Auschwitz, 1941: It was her father’s job to save the lives of the SS. But she chose to risk everything and save the lives of prisoners.

In Nazi-occupied Poland, Sofia cannot look her father in the eye. Sofia’s mother, her papa’s cherished wife, is Jewish—how dare he work as a doctor for the SS? She cannot forgive him, even if the bargain was made to spare their lives.

In the middle of the night, Isaac emerges from a packed train with hundreds of others. Beneath Auschwitz’s barbed wire, soldiers surround them, and gunshots pierce the dark sky. The SS decide prisoners’ fates on the spot—and Isaac is chosen to work, rather than to die.

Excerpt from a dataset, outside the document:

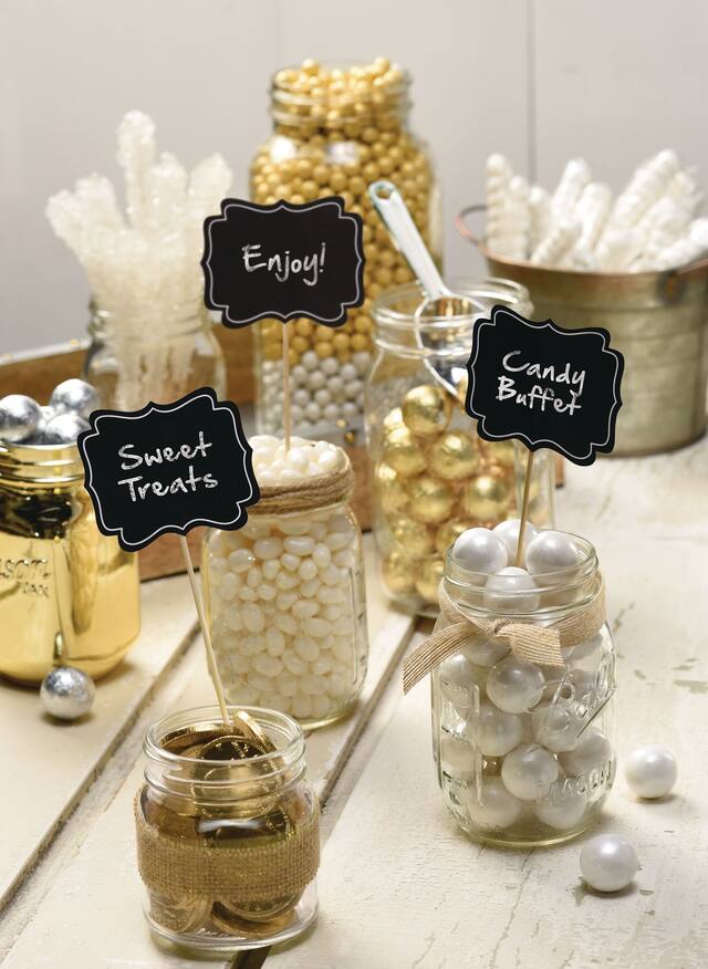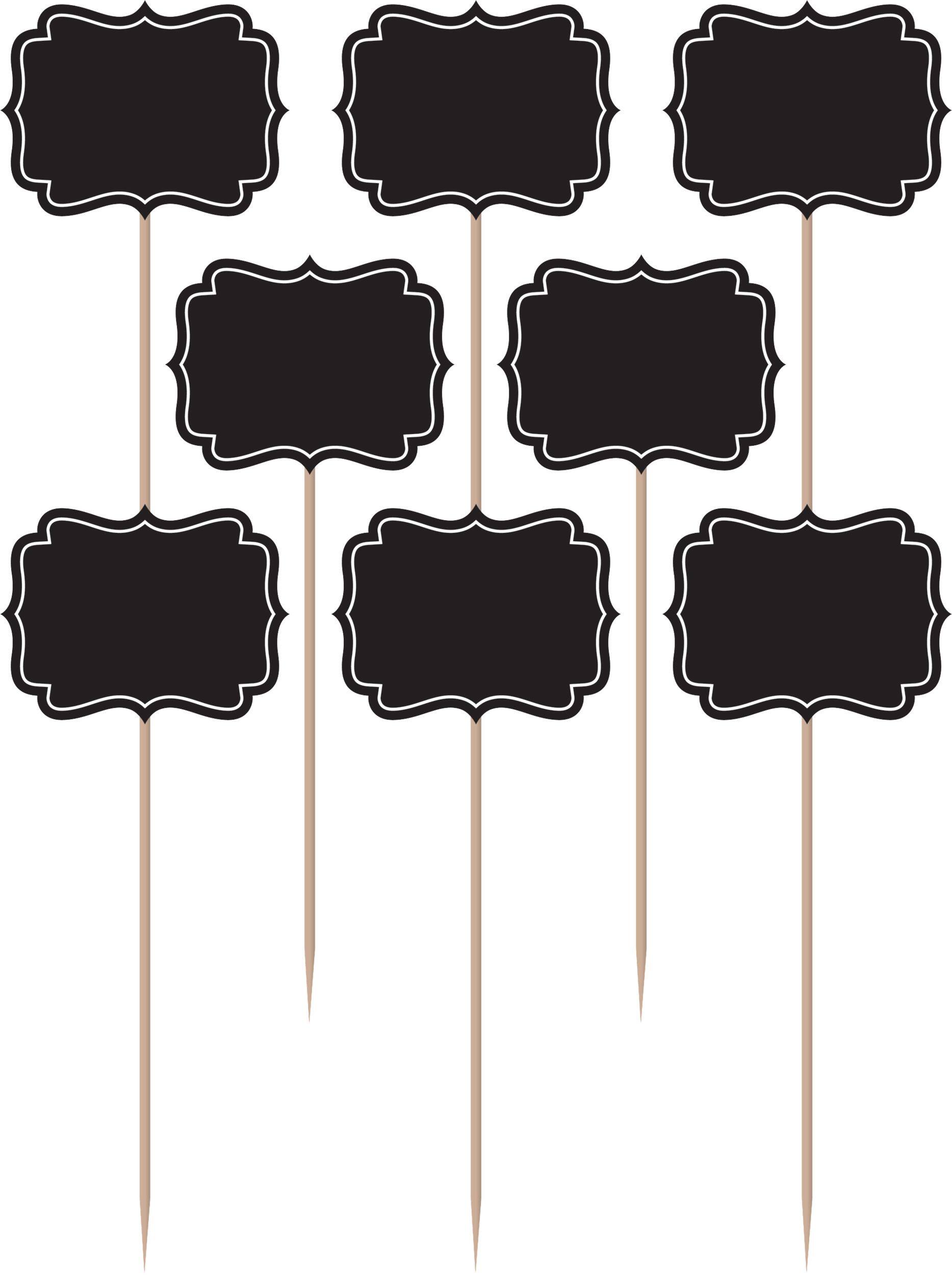 • Large Chalkboard Party Picks feature black cardstock decorated with scrollwork design around the border

Every day, Isaac and his fellow inmates are sent to a nearby farm. From sunup to sundown, they toil the land with barely a scrap to eat. Every breath feels like it could be Isaac’s last, so when he sees a beautiful auburn-haired girl peering out of the farmhouse window, it feels like a dream....

Sofia refuses to accept what she is seeing. Disobeying her father and evading the guards, she risks her life to sneak a letter to the green-eyed boy outside. She explains that she has hidden them food and that she’ll do everything in her power to save them.

This secret exchange sparks an escape that should have been impossible—and a love story that is unforgettable. But is love enough in the face of evil? And when Sofia and Isaac are concealed underground, holding their breath as the Nazis hunt them, will they survive?

Fans of The Tattooist of Auschwitz, The Choice, and Orphan Train will be utterly gripped by this heartbreaking tale. This tear-jerker shows that even if your freedom has been robbed and your loved ones torn from you, nobody can steal your hope....

©2022 Shari J. Ryan (P)2022 Bookouture, an imprint of Storyfire Ltd.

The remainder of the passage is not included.